Tuesday, September 04, 2012

If You're Lucky, You'll Read This Book!

James Ishmael Ford has just published a new book:  If You're Lucky, Your Heart Will Break:  Field Notes from a Zen Life(Wisdom Publications, 2012.)   It follows on the heels of the anthology he co-edited, The Book of Mu:  essential writings on zen's most important koan (Wisdom Publications, 2011), and sits on my shelf right next to his earlier Zen Master Who?  A Guide to the People and Stories of Zen (Wisdom Publications, 2006) and his essential in this very moment:  a simple guide to Zen Buddhism (Skinner House, 2002, 1996).  James is a prolific writer.  (Check out his blog Monkey Mind!)

He's also a unique figure in the sphere of liberal religion.  A Soto Zen Priest, he is also a Unitarian Universalist minister.  If anyone can be said to be involved in the evolution of Buddhism as it encounters the 21st century West, James is the guy.  And in his new book he offers notes on his forty years of being in the middle of it.

And by "it" I mean both Western, or as James calls it, Liberal Buddhism and also the Big IT -- Life.  As I noted in my review on Amazon, in If You're Lucky James manages to write an informative history of Buddhism, an analysis of modern Western Buddhism, and profound teachings on what I've always called The Big Questions.

There is so much in this little book.  I know that I'll be digesting what I've read for a good long while.  Already I can see some of my thinking shifting because of it.

Here's one example.  It's not exactly paradigmatic of the book as a whole, but it is a passage that hit me like a kick in the chest when I first read these three lines.  (But in a good way.)
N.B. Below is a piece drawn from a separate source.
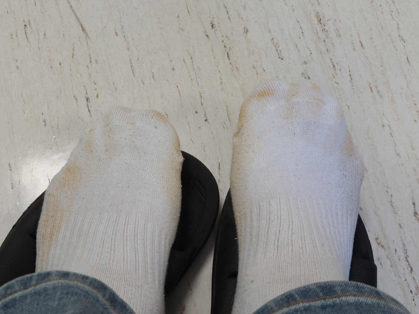 출근해서 자리에 오니 흰색 양말에 이렇게 이염이 되었습니다.
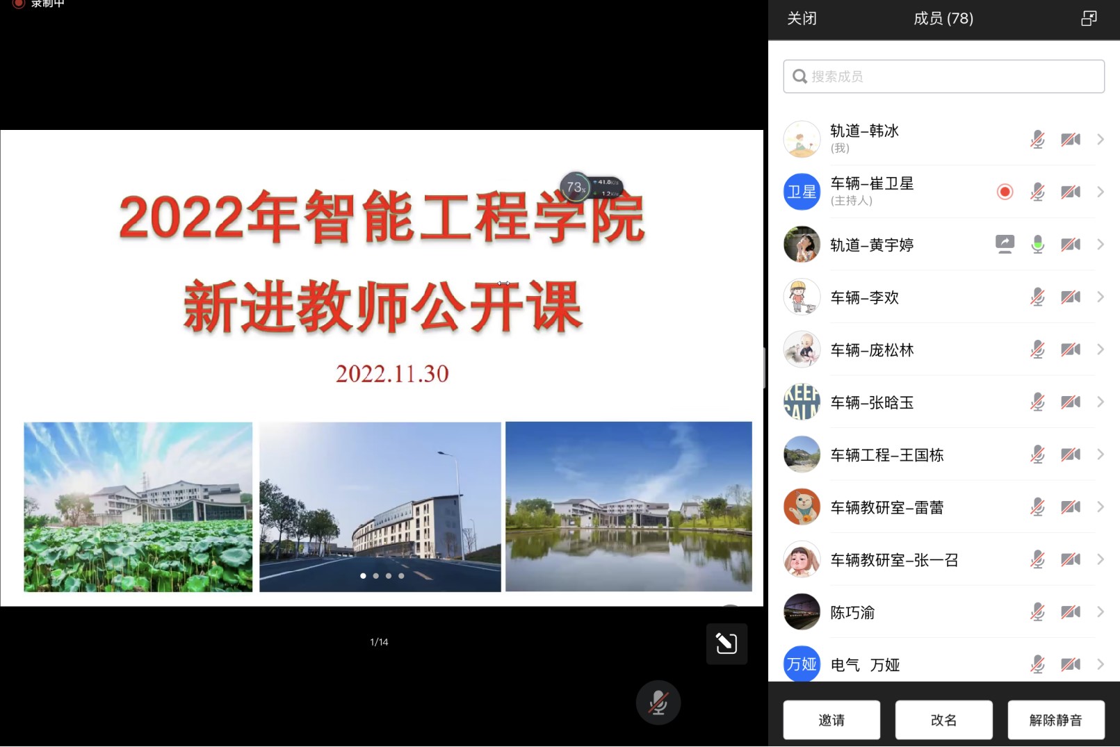 为进一步加强教师队伍建设,全面提高教育教学质量,携手共建良好教学交流环境,激发新进教师教学积极性,提高学院新教师教学水平。11月30日下午,智能工程学院在线上开展了新进教师公开课活动,活动由李洁副院长主持,学院全体教师参加。

"We are responsible in a way no other creature I'm aware of is.  We have eaten of the fruit of the knowledge of good and evil, and we have become as gods.  And that godlike quality is responsibility." (p.121)
That's it.  A mere 38 words, and my understanding of God, of myself, and of my place in the universe is forever changed.  It hit me like one of those optical illusions where you see one image if you focus on the foreground and something all together different if your focus is the background.  Usually at first I stare and stare and stare, able to only see one of the two images.  I am honestly unable to see anything but the thing I first see.  And then something shifts.  Or, maybe, everything shifts.  The second image comes into view and I can never not see it again.

That's how this passage affected me -- "that godlike quality is responsibility."  Somehow, out of all of the ways I've heard people describing that thing some call God, I don't think that the word "responsible" has ever been uttered.  And when I've heard people trying to make sense of the idea that "we are made in the image of God," I've heard a lot of talk about how we share the trait of Creativity, or Compassion, or even the Ability to Will, but I've never heard someone say that we're made in the image of God because we, also, are Responsible.
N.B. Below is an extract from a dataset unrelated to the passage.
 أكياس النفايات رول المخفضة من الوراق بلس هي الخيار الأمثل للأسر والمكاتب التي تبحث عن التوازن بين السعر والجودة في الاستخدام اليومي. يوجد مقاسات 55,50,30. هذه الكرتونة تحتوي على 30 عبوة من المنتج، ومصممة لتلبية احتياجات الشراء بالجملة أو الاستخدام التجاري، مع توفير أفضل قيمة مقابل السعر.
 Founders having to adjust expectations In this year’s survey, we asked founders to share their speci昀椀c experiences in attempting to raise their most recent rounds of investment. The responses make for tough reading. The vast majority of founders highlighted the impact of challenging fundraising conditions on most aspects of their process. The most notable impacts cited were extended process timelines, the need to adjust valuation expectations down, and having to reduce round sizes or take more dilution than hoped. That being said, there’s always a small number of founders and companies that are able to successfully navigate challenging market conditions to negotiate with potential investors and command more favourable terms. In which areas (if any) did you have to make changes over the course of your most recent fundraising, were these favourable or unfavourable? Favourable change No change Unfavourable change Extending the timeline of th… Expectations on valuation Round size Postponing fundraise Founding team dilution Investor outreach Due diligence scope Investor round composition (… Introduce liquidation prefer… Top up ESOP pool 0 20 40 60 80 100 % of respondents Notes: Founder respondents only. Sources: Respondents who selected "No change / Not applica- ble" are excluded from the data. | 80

As I said, I need to digest this.  I need to sit with it for a while.  Maybe a long while.  But here are two things that I see right now:

First, it removes for me the capriciousness that is sometimes attributed to "God."  Sometimes it is unintentional and accidental, and sometimes it seems to verge on purposive, but the way people often talk about God implies that God can -- and does -- do anything he/she/it wants.  Because God is declared to be omnipotent -- all powerful, able to do anything -- God can act on God's own whims.  Of course, the whims of God are usually described as making up some kind of cosmic plan, yet so many different things are attributed to God's doing -- everything from hurricanes to Super Bowl victories -- that it certainly seems to me that God doesn't really have a plan after all or that, at least, it's a very unfocused one.

Yet if the quality that describes God best is "responsibility," then that changes everything.  It offers proof, if you will, that three quarters of the things attributed to God's will are not.  Because a truly responsible God would behave a lot differently than Pat Robertson and Fred Phelps would have us believe.  A truly responsible God might be worth . . . well . . . might be worth calling "God."

And if we are "made in God's image," and if our "eating of the Tree of the Knowledge of Good and Evil" has, indeed, "made us as gods," and if what changed for us is that now we are responsible, than that makes "responsibility" part of my essential make up.  It makes "responsibility" part of the essence of my humanity.  And this, too, changes everything.  Because the word "responsible" implies, to me at least, a mutual relationship, a sense of equality.  I cannot be responsible to or with someone or something that I see myself as either "above" or "below."  Being responsible, it seems to me, recognizing my innate responsibility in life, is acknowledging that there's a claim on me.  It is a companion to freedom (and free will) and, in many ways, a corrective.

I like books that make me think.  I like books that encourage me to think in new ways.  I like If You're Lucky, Your Heart Will Break very, very much.  I hope you will read it to.